- _EXERCISE DATA_:
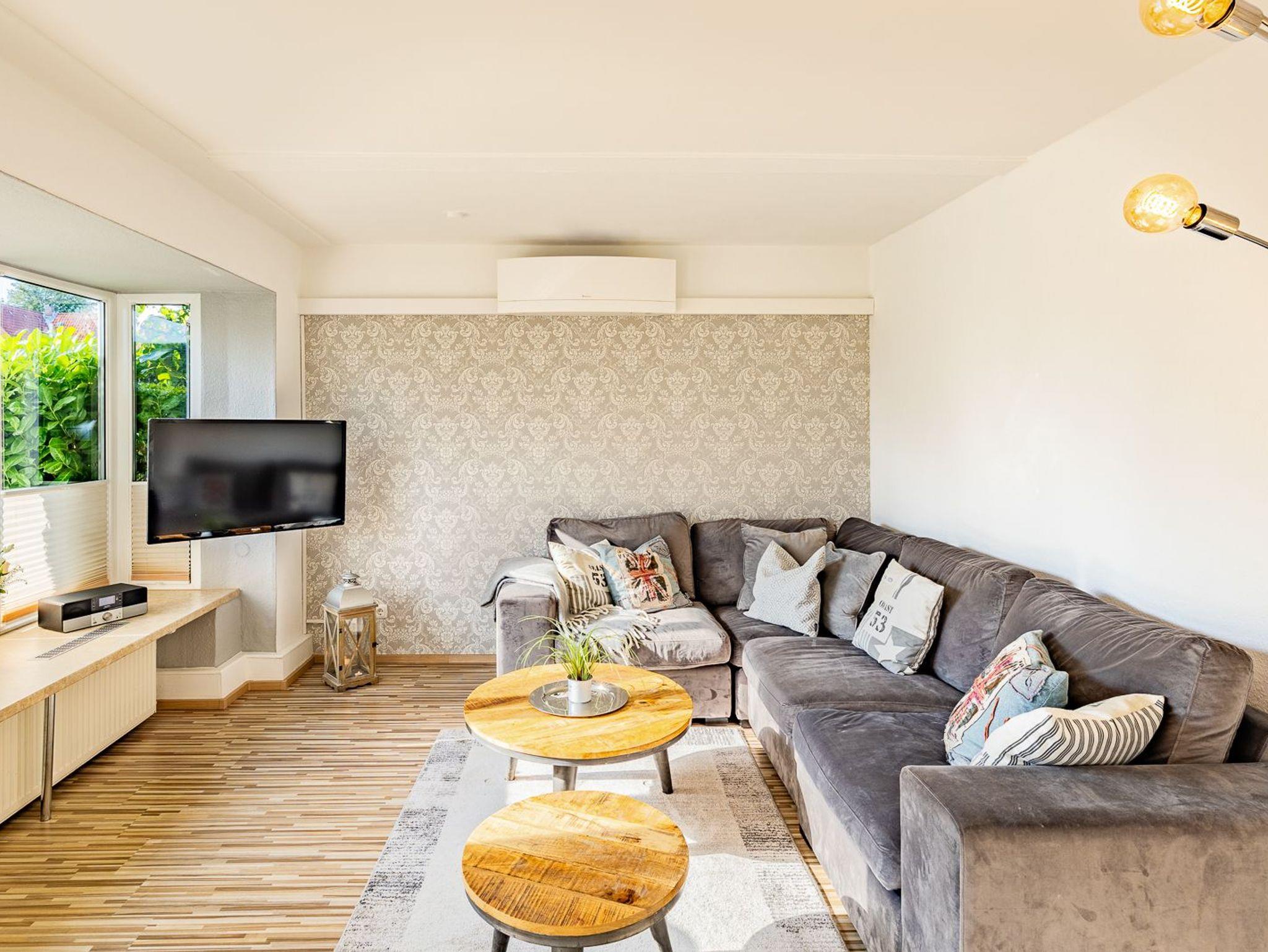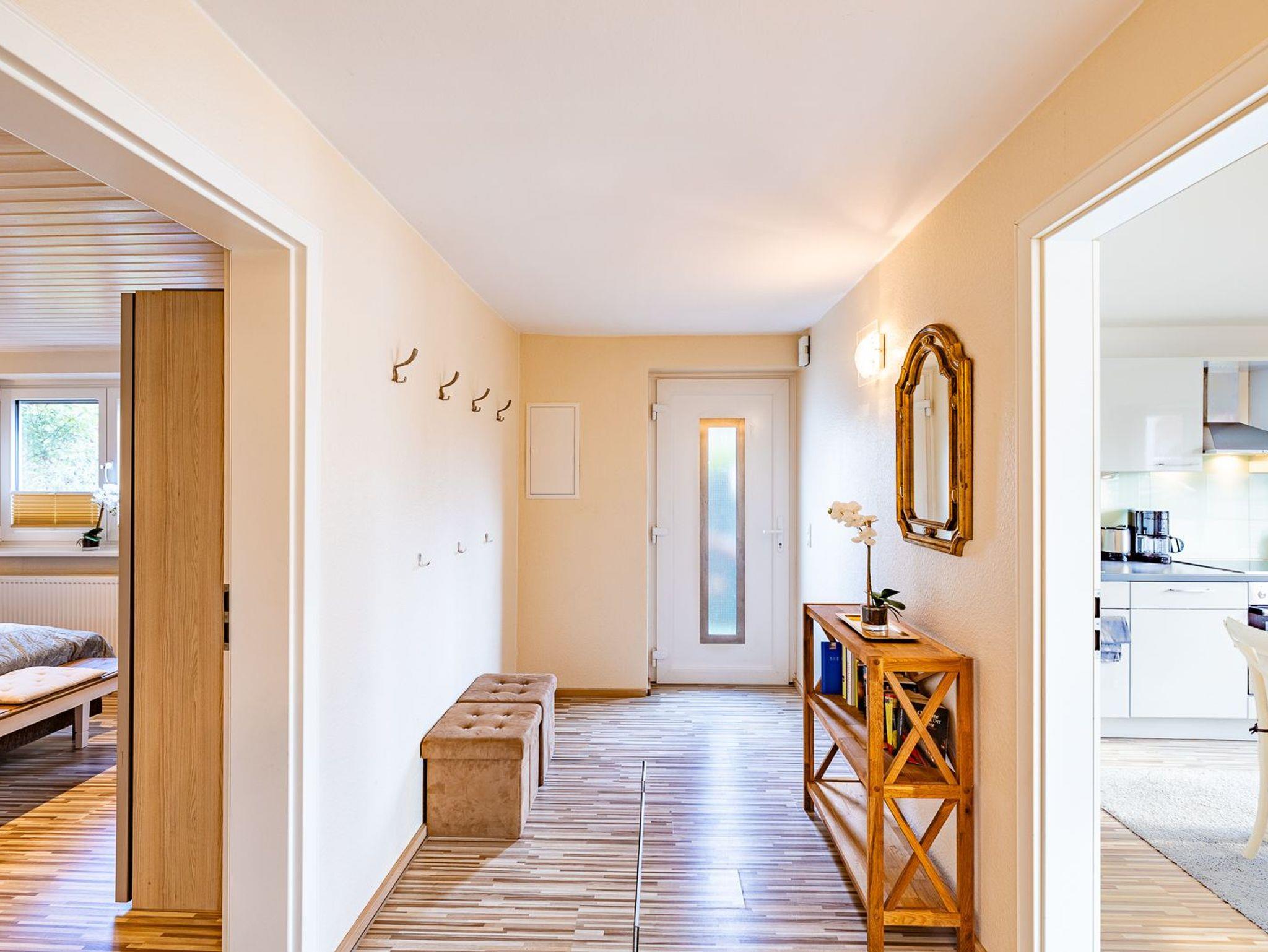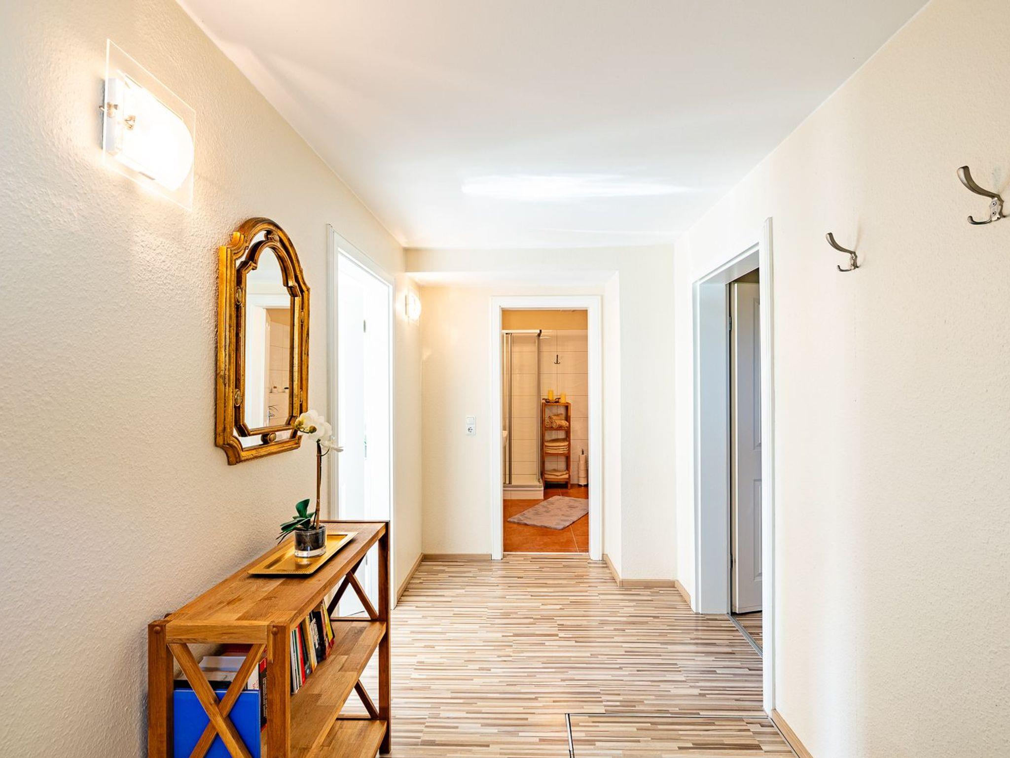Neben dem großzügigen Eingangsbereich gibt es zwei Schlafzimmer, zwei vollausgestattete Bäder (davon ein Bad mit Waschmaschine) und einen gemütlichen Wohn-Essbereich, der im Winter 2023/24 neu möbliert wurde.
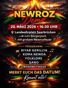 Das Kurdische Gesellschaftszentrum Saarbrücken sagt wegen der Verbreitungsgefahr des Corona-Virus die Newroz-Demonstration am Mittwoch, 18. März 2020 ab.
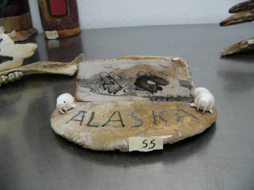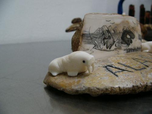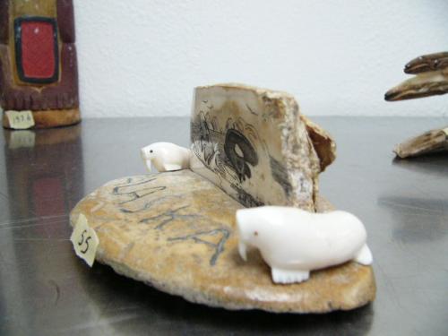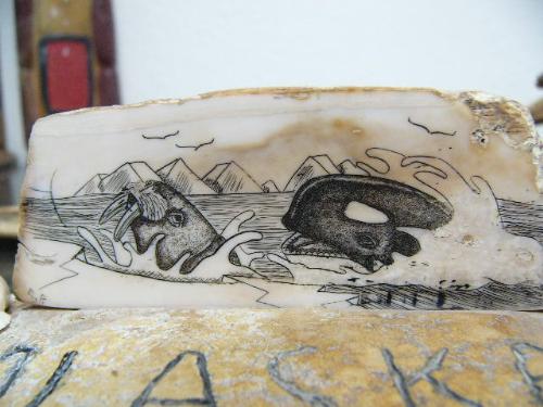 4" scrimshawed fossilized ivory piece, scrimshawed with walrus and a killer whale- has 2 small walruses on either end mounted on whale vertebrae by E. P. ()

- _HOW TO COMPLETE THIS TASK_: Copy word for word every line from the start of the material through the line holding "Das Kurdische Gesellschaftszentrum". The pictures are not part of the copy.

- _YOUR RESPONSE_:
Neben dem großzügigen Eingangsbereich gibt es zwei Schlafzimmer, zwei vollausgestattete Bäder (davon ein Bad mit Waschmaschine) und einen gemütlichen Wohn-Essbereich, der im Winter 2023/24 neu möbliert wurde.
 Das Kurdische Gesellschaftszentrum Saarbrücken sagt wegen der Verbreitungsgefahr des Corona-Virus die Newroz-Demonstration am Mittwoch, 18. März 2020 ab.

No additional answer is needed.